La « consommation » de pornographie dépendait autrefois d’un acte délibéré. Elle est désormais inévitable. Sans même chercher à regarder, l’œil est soumis à la “vision” pornographique.
La pornographie réduit la sexualité aux sexes (visibles, réels) et à un acte envisagé sous l’angle de la performance . La rencontre la séduction et les rapports amoureux sont absents des scénarios. L’acte s’opère directement comme un raccourci dans ce qu’il y a de plus sexuel sans s’embarrasser de l’affectivité et du désir.
La seule vocation de la pornographie est de donner un plaisir et une jouissance immédiate avec cette dimension de besoin impérieux . Le porno évacue la quête de l’autre et la passion pour se représenter comme le kit d’un « prêt à jouir » .

Avant la puberté (11-12 ans), l’enfant n’a pas les outils pour recevoir des images pornographiques qui arrivent sur un terrain immature. La confrontation ponctuelle à de telles images est certes intrusive sur le moment mais elle peut être réparée si elle est racontée par l’enfant, si des adultes en discutent avec lui.

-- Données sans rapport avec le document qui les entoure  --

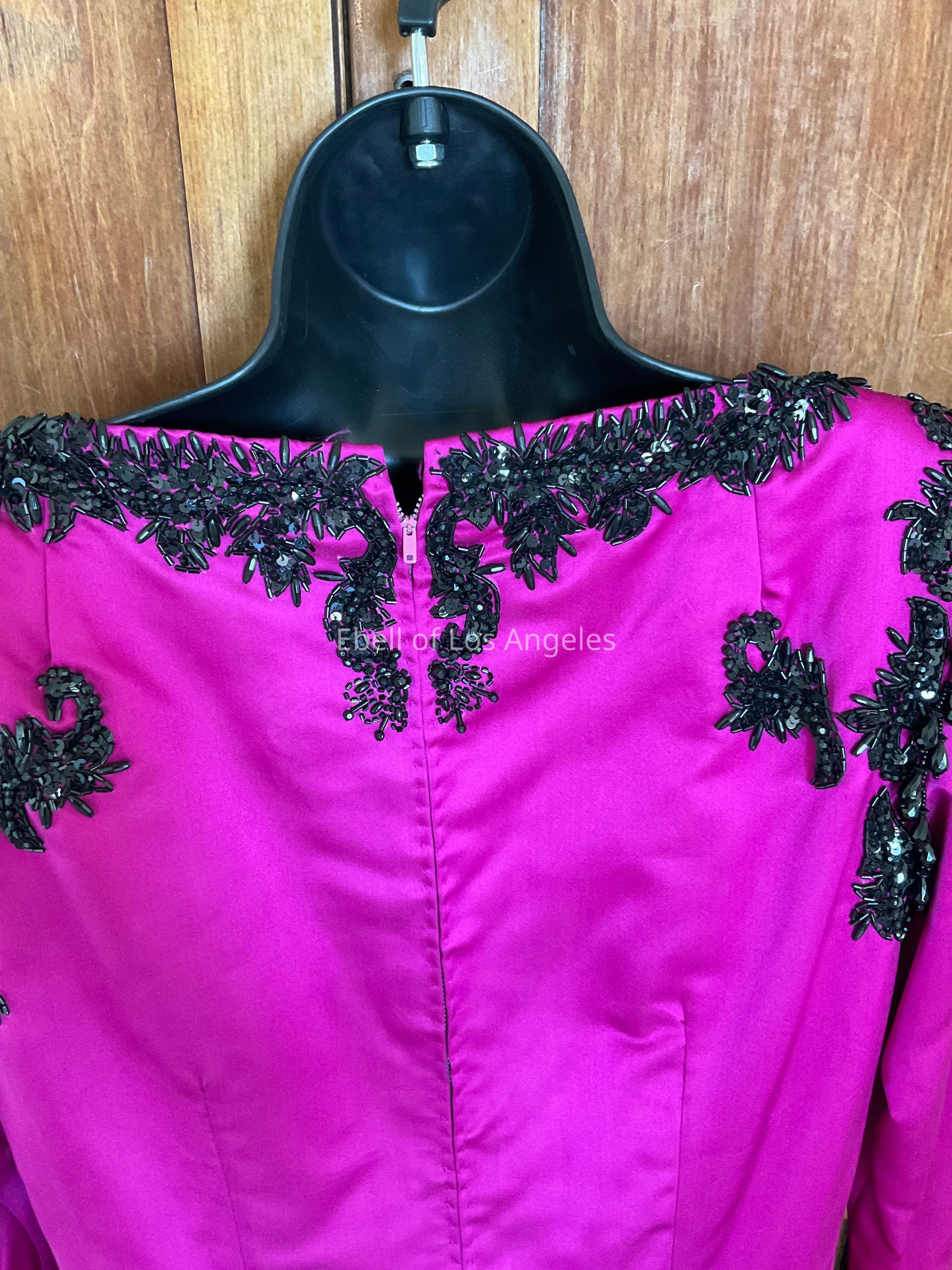Taffeta ballgown with fuschia black beaded bodice and black full skirtEntry/Object ID
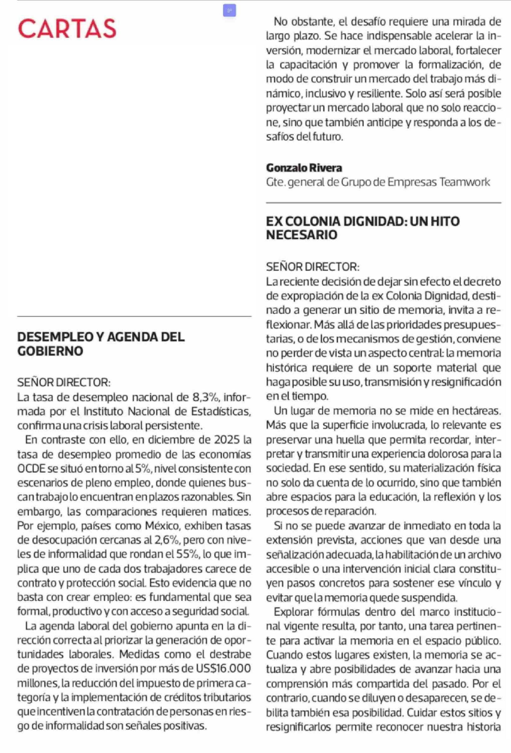 CARTAS: DESEMPLEO Y AGENDA DEL GOBIERNO 08-04-2026 La Tercera |

A l’adolescence, la rencontre avec la pornographie arrive dans une période plus structurée en marche vers une sexualité agie. Une construction de ses propres représentations de la sexualité a déjà débuté.
L’ado “lucide” est plus apte à faire la part des choses entre une image sur internet et la réalité, sait que l’homme n’est pas toujours en érection, hyper viril et dominateur, et que la femme n’est pas toujours consentante et excitée !
Les ados utilisent la pornographie comme source d’information sur la sexualité et soulignent l’impact de ce support dans leurs activités sexuelles.
En matière d’éducation sexuelle, l’apport du seul porno n’est bien sur que partiel et insatisfaisant . Le risque est qu’il se substitue à la vie sexuelle réelle.
Par ailleurs, l’hypersexualisation de la société occidentale moderne a des incidences : la parole sur la sexualité est plus libre , la tolérance en matière sexuelle est plus grande qu’avant et la pornographies s’inscrit dans un mouvement d’érotisation de la culture contemporaine ou le voir pornographique est inévitable .
Mais le sociétale se différentie de l’intime ! Etonnement, l ‘âge du premier rapport n’a quasi pas changé depuis 50 ans . Le garçon a toujours peur de rencontrer une fille et celle-ci s’interroge toujours de savoir si ce garçon l’aime…

Il est important de souligner que ces dérives concernent les adolescents les plus fragiles ou la rencontre avec la pornographie peut être pathologique .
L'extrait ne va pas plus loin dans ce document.